Work to complete
For this listing, reproduce the line with "Welcome to this", the line with "أصدرت مجموعة بحثية", and the lines between, exactly as they stand. Leave out pictures and all other lines.

Data

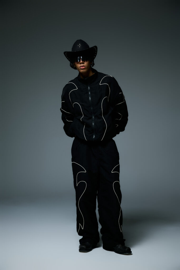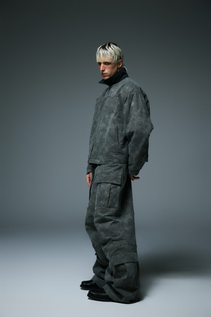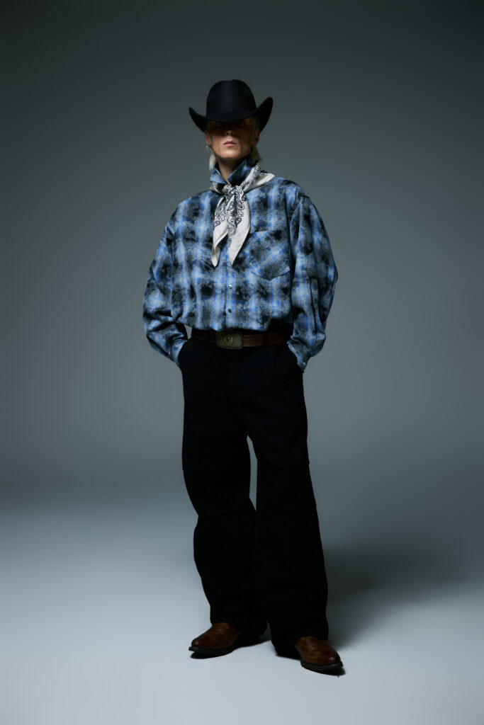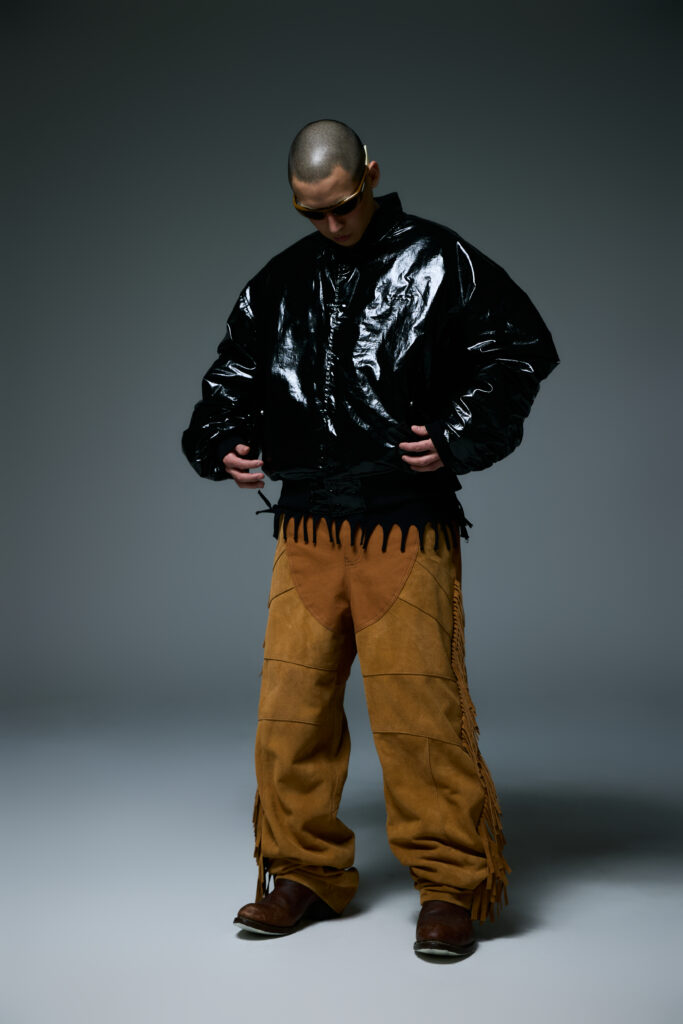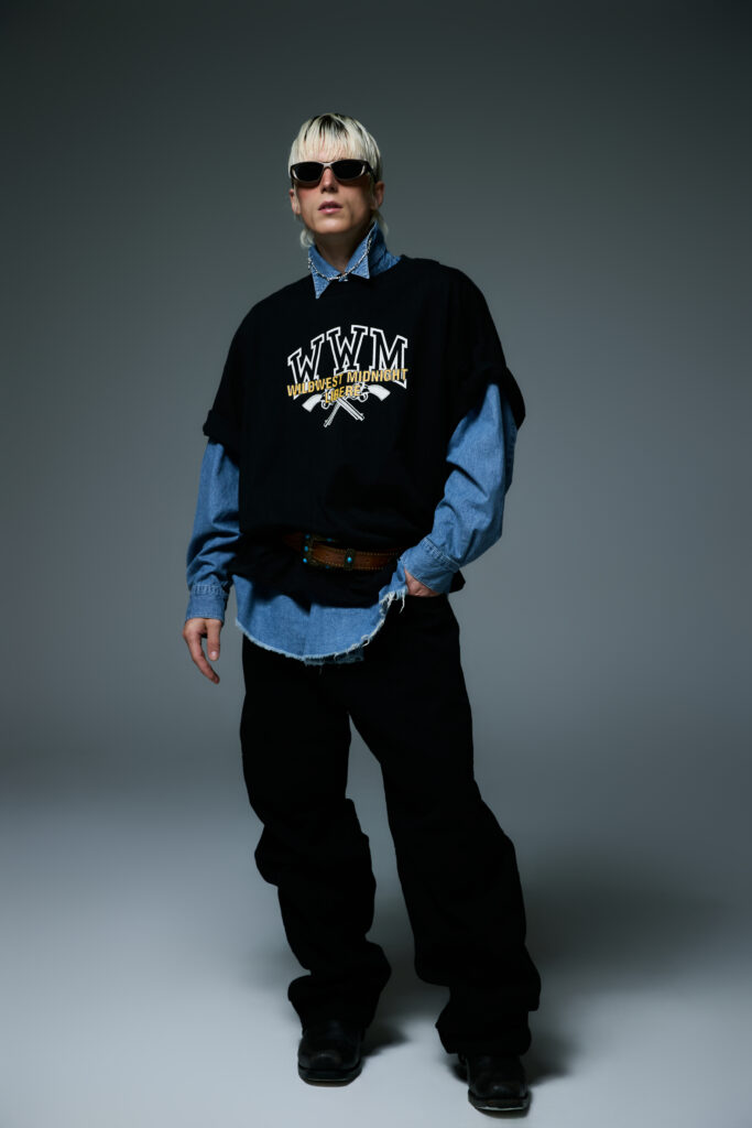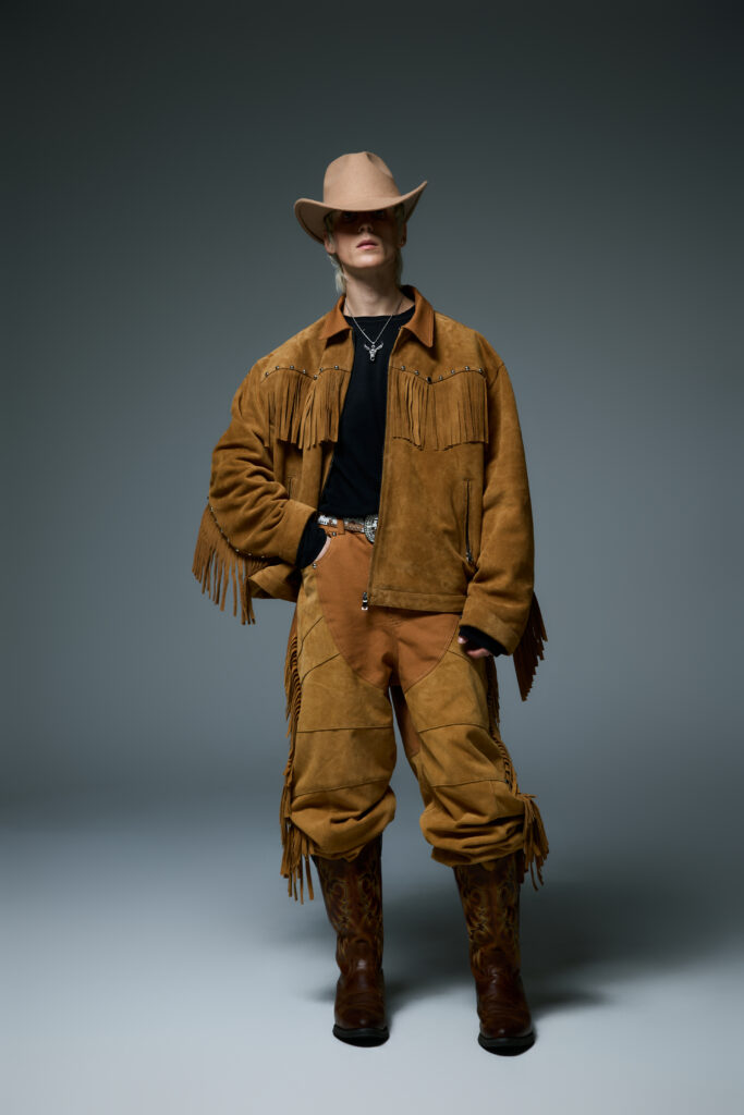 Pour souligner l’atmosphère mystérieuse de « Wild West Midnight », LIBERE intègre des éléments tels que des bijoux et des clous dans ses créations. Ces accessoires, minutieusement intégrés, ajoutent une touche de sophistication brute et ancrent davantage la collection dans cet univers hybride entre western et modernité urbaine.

* * *

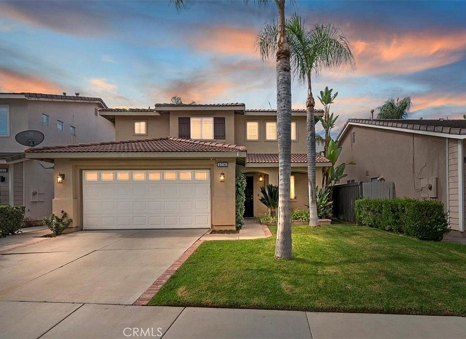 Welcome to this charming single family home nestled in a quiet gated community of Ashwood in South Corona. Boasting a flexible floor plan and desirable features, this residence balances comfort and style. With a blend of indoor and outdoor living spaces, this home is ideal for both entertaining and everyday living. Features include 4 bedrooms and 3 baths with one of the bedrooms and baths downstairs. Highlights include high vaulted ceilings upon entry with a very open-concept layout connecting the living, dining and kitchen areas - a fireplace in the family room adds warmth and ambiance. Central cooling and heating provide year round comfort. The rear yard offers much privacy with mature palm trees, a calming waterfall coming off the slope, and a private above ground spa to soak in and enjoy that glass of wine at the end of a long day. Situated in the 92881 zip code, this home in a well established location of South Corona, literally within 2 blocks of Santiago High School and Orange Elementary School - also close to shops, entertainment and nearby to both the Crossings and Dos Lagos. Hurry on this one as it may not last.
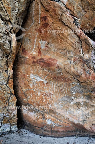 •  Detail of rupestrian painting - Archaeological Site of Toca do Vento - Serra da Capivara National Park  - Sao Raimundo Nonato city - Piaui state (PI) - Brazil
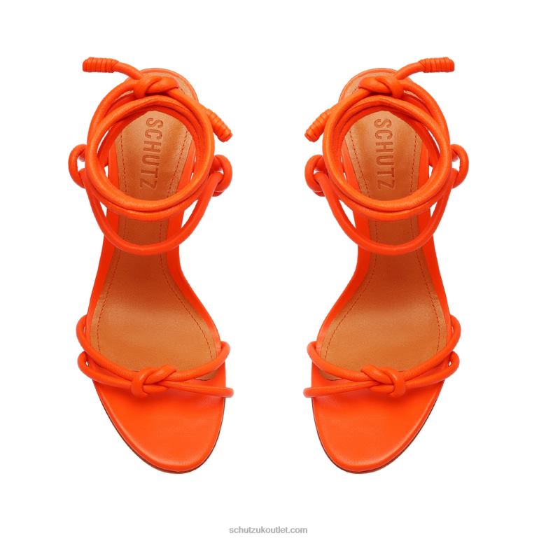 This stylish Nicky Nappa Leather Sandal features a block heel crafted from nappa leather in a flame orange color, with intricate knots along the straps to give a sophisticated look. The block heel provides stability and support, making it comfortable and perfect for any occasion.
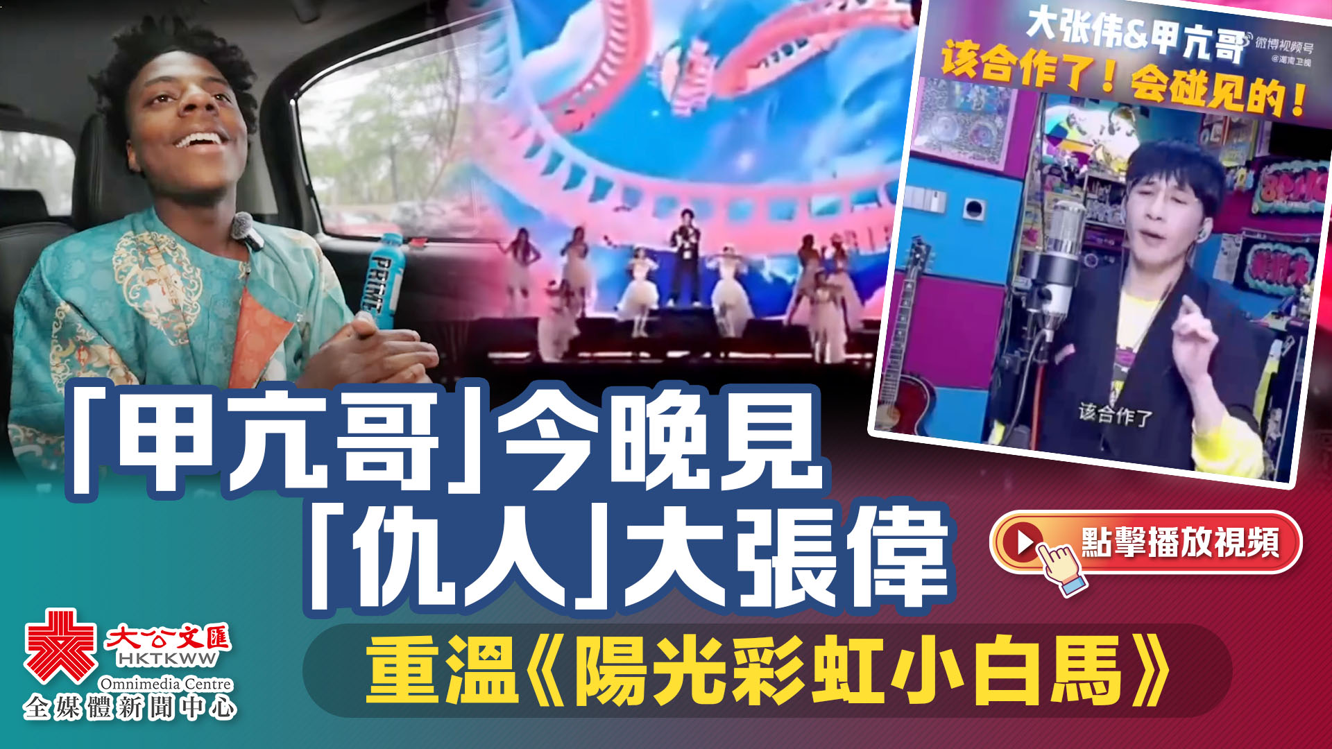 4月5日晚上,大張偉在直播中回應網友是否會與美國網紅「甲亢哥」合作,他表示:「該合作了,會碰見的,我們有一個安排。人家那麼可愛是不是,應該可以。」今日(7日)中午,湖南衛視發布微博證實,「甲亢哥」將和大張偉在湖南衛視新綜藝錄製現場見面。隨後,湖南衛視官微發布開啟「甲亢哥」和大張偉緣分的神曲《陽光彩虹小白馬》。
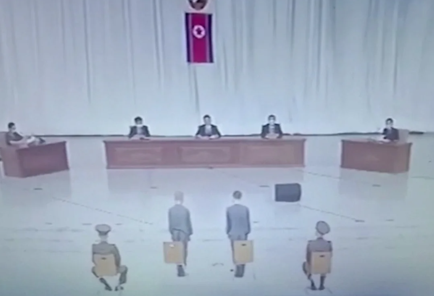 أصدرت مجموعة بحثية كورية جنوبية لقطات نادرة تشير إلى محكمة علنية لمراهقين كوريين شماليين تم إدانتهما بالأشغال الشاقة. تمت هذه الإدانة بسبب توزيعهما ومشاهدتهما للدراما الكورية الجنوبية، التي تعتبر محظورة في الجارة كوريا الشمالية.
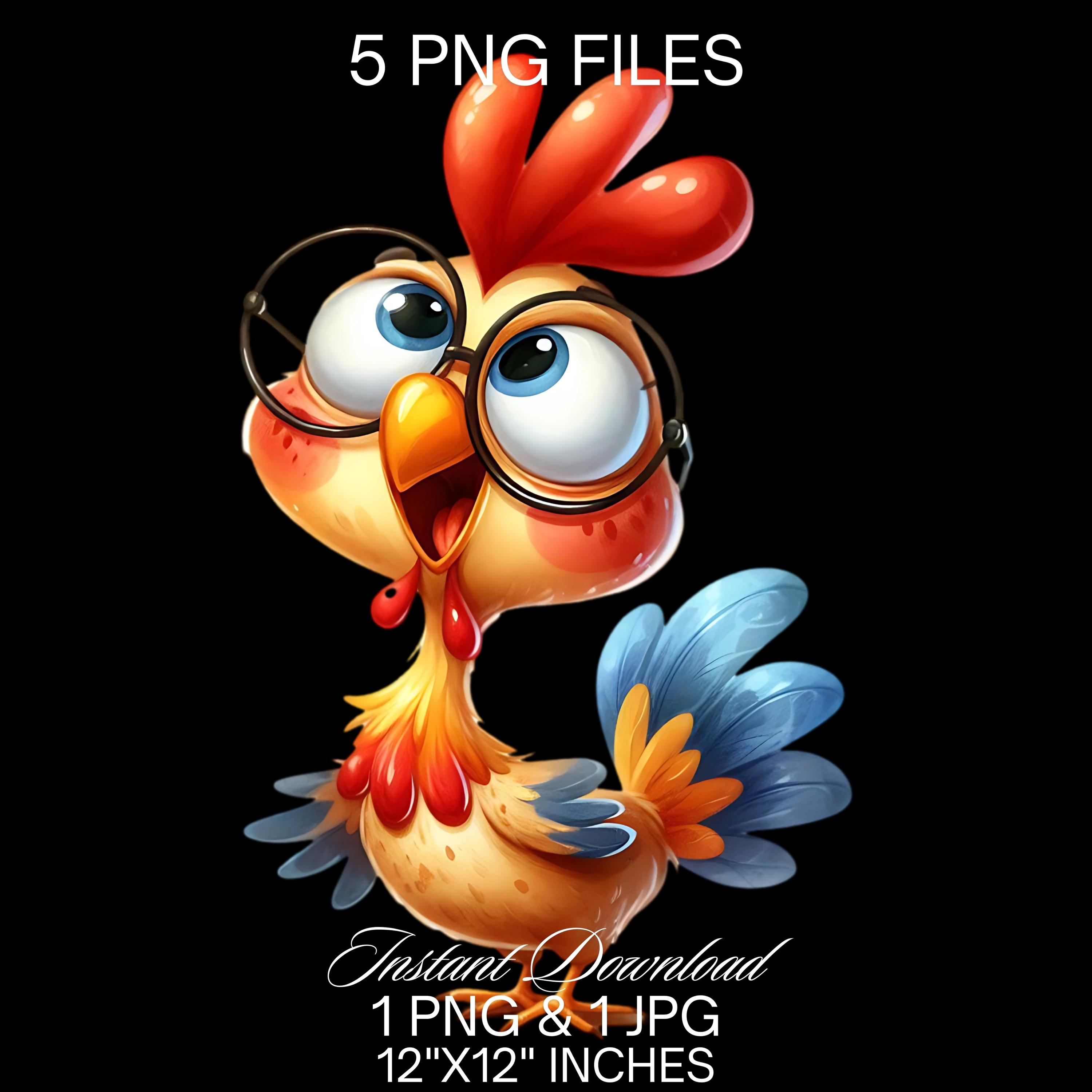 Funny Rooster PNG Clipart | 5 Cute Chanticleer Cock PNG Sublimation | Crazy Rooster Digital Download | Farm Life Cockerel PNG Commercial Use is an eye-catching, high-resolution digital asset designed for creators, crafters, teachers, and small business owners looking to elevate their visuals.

Written answer
 Welcome to this charming single family home nestled in a quiet gated community of Ashwood in South Corona. Boasting a flexible floor plan and desirable features, this residence balances comfort and style. With a blend of indoor and outdoor living spaces, this home is ideal for both entertaining and everyday living. Features include 4 bedrooms and 3 baths with one of the bedrooms and baths downstairs. Highlights include high vaulted ceilings upon entry with a very open-concept layout connecting the living, dining and kitchen areas - a fireplace in the family room adds warmth and ambiance. Central cooling and heating provide year round comfort. The rear yard offers much privacy with mature palm trees, a calming waterfall coming off the slope, and a private above ground spa to soak in and enjoy that glass of wine at the end of a long day. Situated in the 92881 zip code, this home in a well established location of South Corona, literally within 2 blocks of Santiago High School and Orange Elementary School - also close to shops, entertainment and nearby to both the Crossings and Dos Lagos. Hurry on this one as it may not last.
 •  Detail of rupestrian painting - Archaeological Site of Toca do Vento - Serra da Capivara National Park  - Sao Raimundo Nonato city - Piaui state (PI) - Brazil
 This stylish Nicky Nappa Leather Sandal features a block heel crafted from nappa leather in a flame orange color, with intricate knots along the straps to give a sophisticated look. The block heel provides stability and support, making it comfortable and perfect for any occasion.
 4月5日晚上,大張偉在直播中回應網友是否會與美國網紅「甲亢哥」合作,他表示:「該合作了,會碰見的,我們有一個安排。人家那麼可愛是不是,應該可以。」今日(7日)中午,湖南衛視發布微博證實,「甲亢哥」將和大張偉在湖南衛視新綜藝錄製現場見面。隨後,湖南衛視官微發布開啟「甲亢哥」和大張偉緣分的神曲《陽光彩虹小白馬》。
 أصدرت مجموعة بحثية كورية جنوبية لقطات نادرة تشير إلى محكمة علنية لمراهقين كوريين شماليين تم إدانتهما بالأشغال الشاقة. تمت هذه الإدانة بسبب توزيعهما ومشاهدتهما للدراما الكورية الجنوبية، التي تعتبر محظورة في الجارة كوريا الشمالية.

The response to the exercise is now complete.